5. Toutefois, de tels éléments ne permettent pas de démontrer le caractère frauduleux du mariage. L'administration ne saurait en effet exiger, au vu des principes rappelés au point 3 du présent jugement, que le requérant rapporte la preuve de la sincérité de son intention matrimoniale pour se voir délivrer un visa en qualité de conjoint d'une ressortissante française alors qu'il revient à l'administration, par des éléments objectifs, suffisamment précis et concordants, d'établir la fraude qu'elle allégue.

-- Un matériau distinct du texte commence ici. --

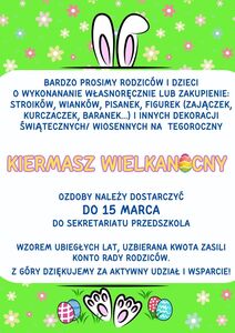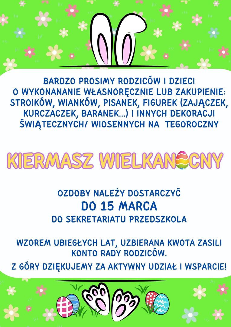 Kiermasz wielkanocny w przedszkolu Wielkimi, jak skoki zająca, krokami przygotowujemy się do Kiermaszu Wielkanocnego!Dlatego zwracamy się do Państwa z prośbą o zaangażowanie - szczegóły poniżej Zdjęcia Zobacz również I Powiatowy konkurs ortograficzny Walentynki Zebranie Rady Rodziców Szkoły Kiermasz wielkanocny w przedszkolu Rekrutacja do przedszkoli i szkół na rok szkolny... Samorząd Uczniowski zaprasza 09 marca 2024 Komunikaty Wydrukuj Udostępnij Wyświetlono: 113

A cet égard, les seules circonstances tirées de ce que M. A se trouvait en situation irrégulière à la date de son mariage et qu'il a obtenu une promesse d'embauche pour la pose de fibre optique dans le Val d'Oise le 13 juin 2022 d'une société créée le 8 novembre 2021 et dissoute le 12 janvier 2023, dont l'adresse du siège social correspond à une boulangerie, ne permettent pas d'établir que le mariage contracté par les requérants présente un caractère frauduleux ou aurait eu pour seul objet de régulariser la situation de M. A. Dès lors, les seuls éléments avancés par l'administration ne peuvent pas être tenus pour suffisamment précis et concordants pour établir que le mariage a été conclu à des fins étrangères à l'union matrimoniale dans le seul but de faciliter l'établissement en France du demandeur de visa, alors qu'au demeurant les requérants produisent de nombreuses photographies et échanges de nature à attester de la réalité et de l'intensité de leur relation à compter de l'année 2021. Par suite, les requérants sont fondés à soutenir qu'en leur opposant le caractère frauduleux de leur mariage, la commission de recours contre les décisions de refus de visa d'entrée en France a commis une erreur d'appréciation.

6. Il résulte de ce qui précède, sans qu'il soit besoin de statuer sur l'autre moyen de la requête, que M. A et Mme C sont fondés à demander l'annulation de la décision attaquée.

Sur les conclusions à fin d'injonction sous astreinte :

7. Le présent jugement, eu égard au motif d'annulation retenu, implique nécessairement qu'il soit enjoint au ministre de l'intérieur et des outre-mer de faire délivrer à M. A un visa de long séjour en qualité de conjoint d'une ressortissante française dans un délai de deux mois à compter de la notification du présent jugement. Il n'y a pas lieu d'assortir cette injonction d'une astreinte.

Sur les frais d'instance :

8. Il y a lieu, dans les circonstances de l'espèce, de mettre à la charge de l'Etat le versement à M. A et à Mme C d'une somme de 1 200 euros sur le fondement des dispositions de l'article L. 761-1 du code de justice administrative.

D E C I D E :

Article 1er : La décision de la commission de recours contre les décisions de refus de visa d'entrée en France du 9 novembre 2022 est annulée.

Article 2 : Il est enjoint au ministre de l'intérieur et des outre-mer de faire délivrer à M. A le visa de long séjour demandé dans un délai de deux mois à compter de la notification du présent jugement.

Article 3 : L'Etat versera à M. A et à Mme C la somme de 1 200 euros en application des dispositions de l'article L. 761-1 du code de justice administrative.

Article 4 : Le présent jugement sera notifié à M. B A, à Mme D C et au ministre de l'intérieur et des outre-mer.

Délibéré après l'audience du 12 septembre 2023, à laquelle siégeaient :

M. Besse, président,

Mme Dubus, première conseillère,

M. Revéreau, premier conseiller.

Rendu public par mise à disposition au greffe le 10 octobre 2023.

La rapporteure,

P. DUBUS

Le président,

P. BESSE

La greffière,

J. HUMANN

La République mande et ordonne au ministre de l'intérieur et des outre-mer en ce qui le concerne ou à tous huissiers de justice à ce requis en ce qui concerne les voies de droit commun contre les parties privées, de pourvoir à l'exécution de la présente décision.